A patient in Maryland must first register with the MMCC and get an ID number. Then the patient visits a physician registered with the MMCC for an evaluation and recommendation. (Some dispensaries have a physician on the premises.)
The patient then brings the doctor’s recommendation and their ID number to a dispensary, where the patient’s case is discussed, and recommendations about particular products are made.
Among the medical conditions that qualify for treatment at Maryland dispensaries are anorexia, wasting syndrome, severe and chronic pain, severe nausea, seizures, persistent muscle spasms, glaucoma and post-traumatic stress disorder.
In Washington, D.C., patients need to get a written recommendation from their primary care doctor that says cannabis is medically necessary. The letter must include the doctor’s medical license number.
What does it cost?
At this time, neither Medicare nor private insurance cover medical marijuana, so customers must pay privately for the products.
Most dispensaries list the price of the various forms of cannabis they sell on their website. The cost of cannabis to smoke typically ranges from $35 to $60 per 1/8 ounce, while oil cartridges that are vaporized cost $40 to $80. Tinctures and chewable tablets range from $20 to $80.
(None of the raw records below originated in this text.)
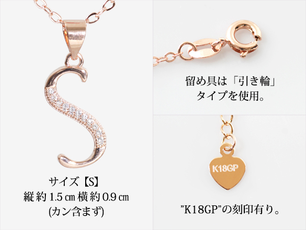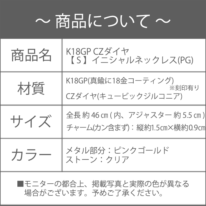 S/イニシャル/ネックレス/新品/K18GP/ピンクゴールド/レディース/18金/チェーン/アルファベット/英語/頭文字/CZ/ダイヤ/PG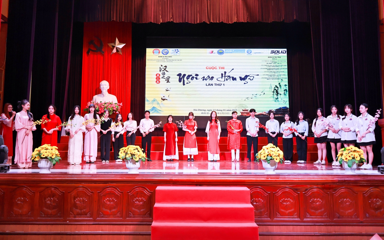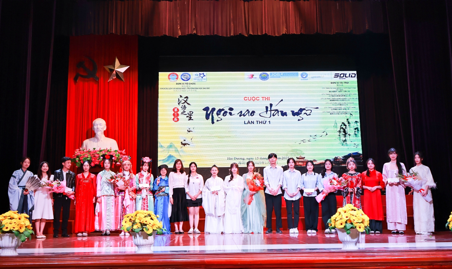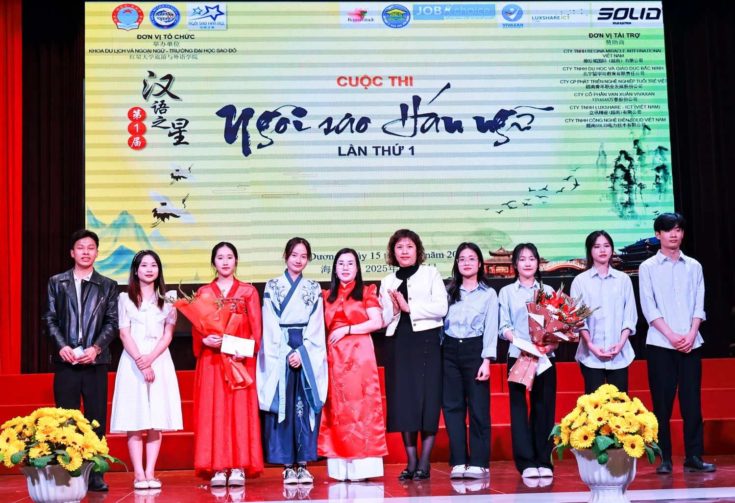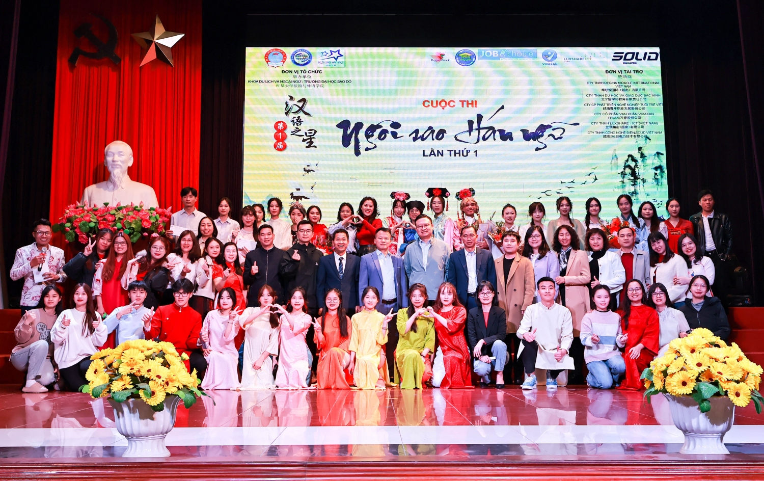 Đại diện lãnh đạo Trường Đại học Sao Đỏ, đại diện đơn vị tài trợ, các thầy cô và sinh viên khoa Du lịch và Ngoại ngữ chụp lưu niệm tại cuộc thi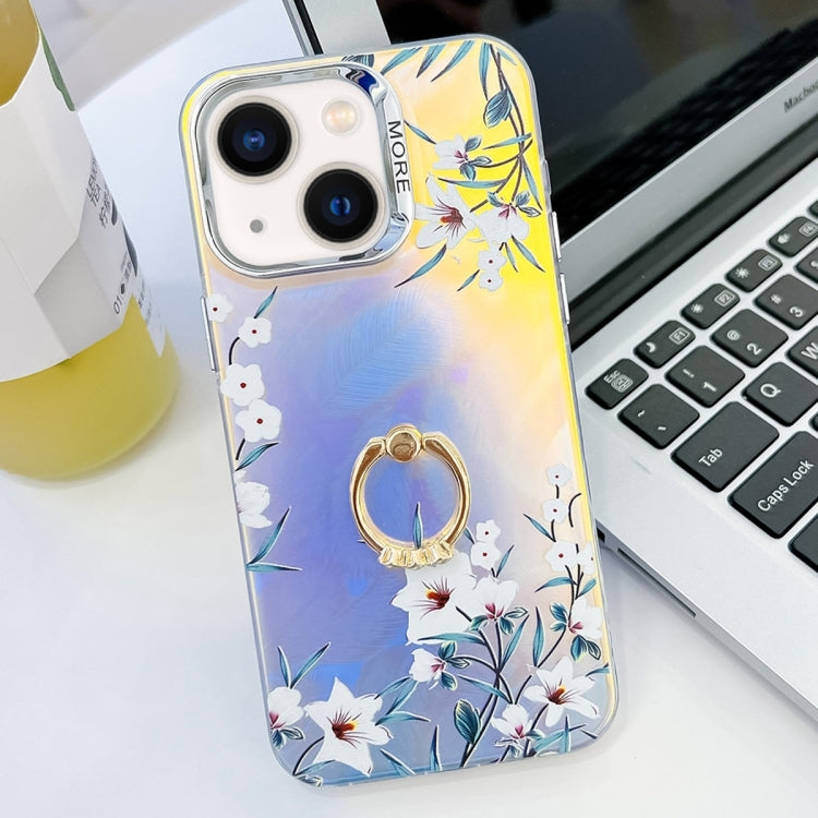 Funda TPU con Soporte Anillo Flores Láser Galvanizado iPhone 14 (Morning Glory)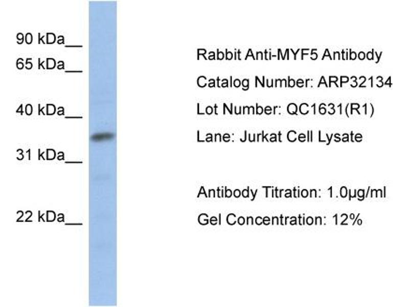 - This is a rabbit polyclonal antibody against MYF5. It was validated on Western Blot using a cell lysate as a positive control.

In all these cases, the number of doses one gets from these types of purchases will depend on the condition being treated and each person’s reaction to the various products. Those transitioning off opioids will get fewer days’ use from a given amount than those with less severe needs.
Herbiculture offers a 15 percent discount to patients age 60 and older, as well as veterans. Those who are both seniors and veterans receive a 20 percent discount.
At Rise, patients and caregivers 55 and up are eligible for 10 percent off. In addition, with a loyalty “points” program, customers can earn coupons from $25 off to $100 off, reflecting up to another 10 percent discount.
Herbology’s products are in a similar price range. While it doesn’t offer senior discounts, it does offer a customer loyalty rewards program offering $1 off for every $20 spent.
For Herbology patient John (who did not want his last name to be used), the cost is worth it. After some hesitation, he tried medical marijuana in July to help cope with several mental and physical illnesses. He said he is sleeping better, his pain is manageable, and his PTSD symptoms have diminished.
“The biggest personal hurdle to overcome was the stigma surrounding marijuana and telling my family…who were surprisingly very accepting and eager to learn more,” he said.
“After spending time doing research, asking questions, and meeting with professionals, it has easily been the best decision of my life,” he said.